(The data Opens)

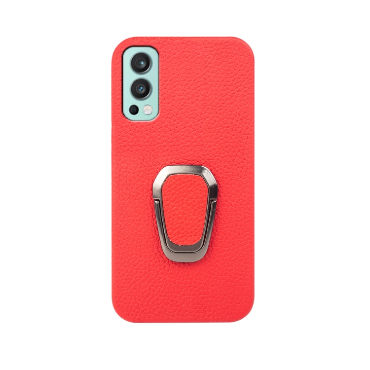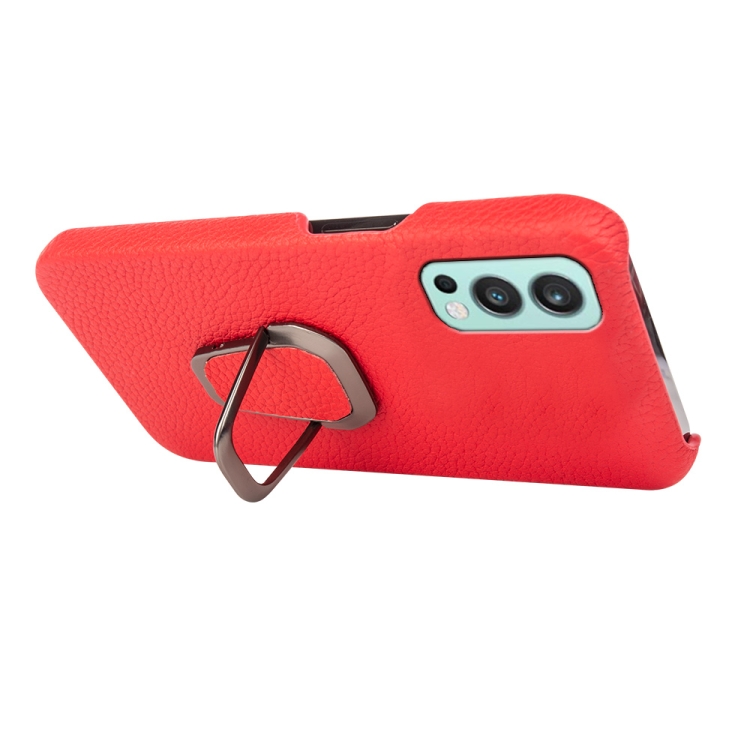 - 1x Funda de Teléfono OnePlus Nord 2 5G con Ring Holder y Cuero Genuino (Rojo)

(The data Closes)
(The data Opens)

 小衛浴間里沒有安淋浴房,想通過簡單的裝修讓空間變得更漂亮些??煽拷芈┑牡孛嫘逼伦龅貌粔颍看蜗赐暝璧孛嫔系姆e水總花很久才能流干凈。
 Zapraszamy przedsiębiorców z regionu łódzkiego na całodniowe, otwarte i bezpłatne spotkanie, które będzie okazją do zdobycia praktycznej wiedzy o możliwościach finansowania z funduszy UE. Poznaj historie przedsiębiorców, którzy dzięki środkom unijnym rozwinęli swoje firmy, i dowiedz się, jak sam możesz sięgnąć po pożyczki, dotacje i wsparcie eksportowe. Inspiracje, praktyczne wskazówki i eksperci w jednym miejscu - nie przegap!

(The data Closes)

» **Problem to work on**
As listed above, the lines from the line with "小衛浴間里沒有安淋浴房,想通" to the line with "Zapraszamy przedsiębiorców z" are to be echoed exactly, with both ends included and nothing added.

» **Result of this task**
 小衛浴間里沒有安淋浴房,想通過簡單的裝修讓空間變得更漂亮些??煽拷芈┑牡孛嫘逼伦龅貌粔颍看蜗赐暝璧孛嫔系姆e水總花很久才能流干凈。
 Zapraszamy przedsiębiorców z regionu łódzkiego na całodniowe, otwarte i bezpłatne spotkanie, które będzie okazją do zdobycia praktycznej wiedzy o możliwościach finansowania z funduszy UE. Poznaj historie przedsiębiorców, którzy dzięki środkom unijnym rozwinęli swoje firmy, i dowiedz się, jak sam możesz sięgnąć po pożyczki, dotacje i wsparcie eksportowe. Inspiracje, praktyczne wskazówki i eksperci w jednym miejscu - nie przegap!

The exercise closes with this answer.